6. Read away. Whenever I can’t sleep, I turn to my best friend: books. Like writing, the act of reading takes focus and concentration. When you’re already somewhat tired, reading tires you even more and helps the eyelids grow heavier after trying to keep up with all the words on the pages. Do yourself a favor and keep a few books next to your bedside table. Not that I don’t looooveee this book, but reading The Scarlett Letter sure had a way of making me arrive at snooze-ville!
7. Wake up with your … brain? You know when you suddenly wake up and your alarm hasn’t even gone off yet? Listen to your brain. If you avoid this internal wake-up call and try to fall back asleep, your sleep schedule will get messed up. Waking up on your own could be your body’s way of getting your sleep schedule on track. So if you want a more peaceful, deeper sleep later, follow your brain’s instincts and wake up when it says it’s time to wake up.
8. Warm some milk. Forget sheep: cows know where it’s at. A tried-but-true trick, drinking a glass of warm milk before bed really does make you sleepy. Take a tip from Sarah Jessica Parker in the movie Sex and the City 2 and warm some milk right before bed (skip the chocolate sauce, though! Plain milk works best). It makes you full, too, so you won’t go to sleep with hunger on the mind. Sip away and drift into a deep, deep sleep.
9. Picture yourself at peace. When I’m about to fall asleep, I try to picture myself in a complete state of peace: I take myself back to summer vacation, a lazy day in the park, or an evening snuggling by the fire. Bringing back memories of peaceful times in my life causes my mind to drift to a pleasant place. With these images in mind, it’s easier to drift off to sleep and stay asleep knowing that your brain and body have found Nirvana … no, not the band, but a state of heavenly relaxation.
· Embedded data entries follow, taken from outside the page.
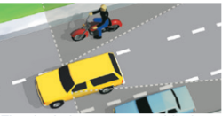 Blind spots = areas around the vehicle where a driver cannot see when looking straight ahead or using the mirrors. (the sides, slightly behind the driver)
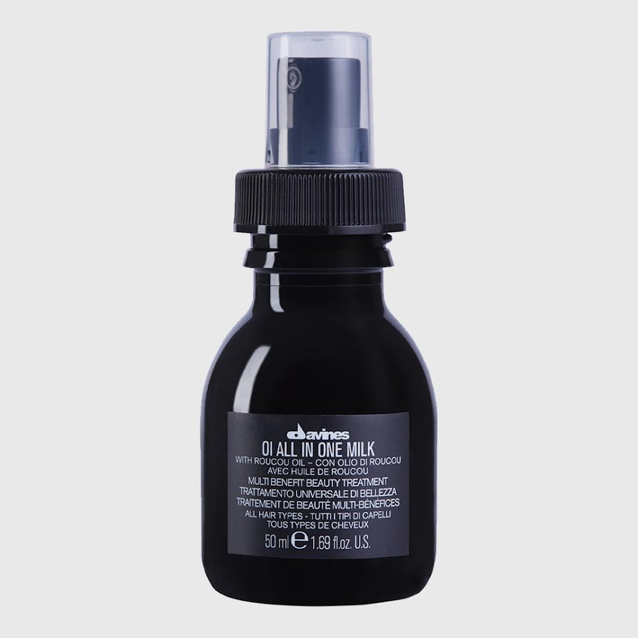 Lightweight OI All In One Milk is a multi-function leave-in spray treatment that softens, detangles, controls frizz and protects the hair from heat
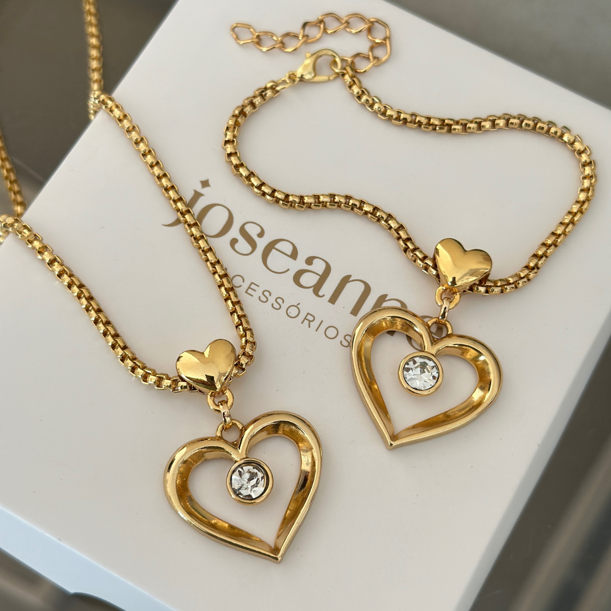 Encante-se com a delicadeza e o brilho do Conjunto Coração Ponto de Luz!
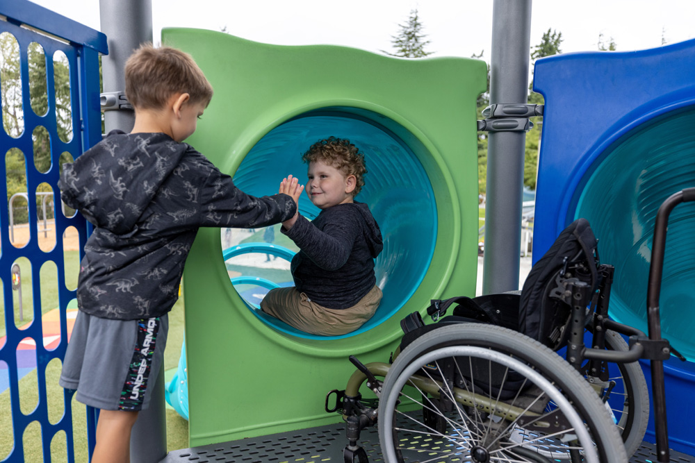 Clear, durable window allows children to see out and adults to see inside. Add one or more straight window sections to your tube slide. Skyward-facing window allows light inside tube.
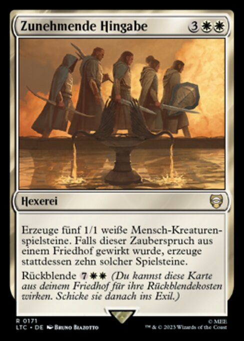 |  Variations— Parts— | Zunehmende HingabeErzeuge fünf 1/1 weiße Mensch-Kreaturenspielsteine. Falls dieser Zauberspruch aus einem Friedhof gewirkt wurde, erzeuge stattdessen zehn solcher Spielsteine. Rückblende
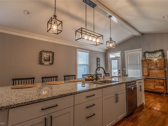 One floor, easy living at it's finest! This stunner was built in 2021 and no details were spared. Truly a must see! Enjoy this open concept, custom home boasting large windows, high ceilings, crown moldings, custom lighting and gorgeous hardwood flooring throughout. The galley style kitchen is stunning with granite countertops, upper end appliances and white cabinetry with soft close drawers. A water filtration system and water softener have recently been installed as well. The great room includes a stunning gas fireplace and mantle as it's focal point and includes an exit to a covered and screened porch. The owner's suite is adorned with a tray ceiling, large walk-in closet, and beautiful en suite bath with a fully tiled, walk-in, oversized shower and granite countertop. The two guest bedrooms have a full bath located between them with a beautiful, tiled shower and granite countertop as well. Laundry is located on main level. This home offers tons of style, space and grandeur with the
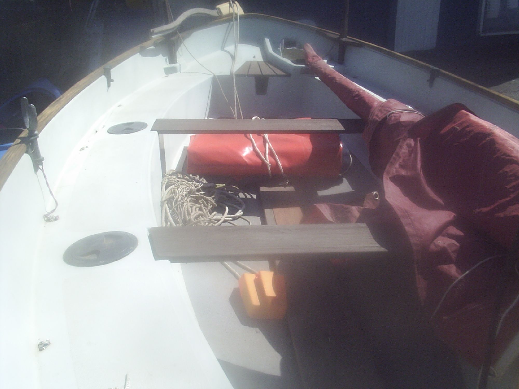 This little boat also comes with a cockpit cover made for her,plenty of seating built within the mould,a small outboard well and other bits and pieces. These are versatile boats ideal for the single handed sailer. Overall she is a good example of her class.

10. “Breathe, Stretch, Shake … Let it go.” Not ashamed to say that I do take solid advice from Ma$e’s smash-hit circa 2004 (great song … will make you wanna dance for days). Stretch your arms, legs, shoulders and anything else you have to stretch before you slip under the covers. Releasing tension from your body will help you relax and will make it easier to fall asleep. Also, I’m one of those people that totally believe in yoga and meditation, and I truly think these methods have the power to clear the mind. Practicing yoga on a daily basis not only tones the body, but releases stress from the different muscles and joints to bring you closer to ultimate relaxation. Also, breathing deeply about 10 times helps induce sleep and clears your mind.
Enjoy these tips to get the most out of your sleep, and begin feeling less and less tired. Sleep is truthfully the key to getting the most out of your day. So, making sleep meaningful will help you start enjoying a healthy and happy life!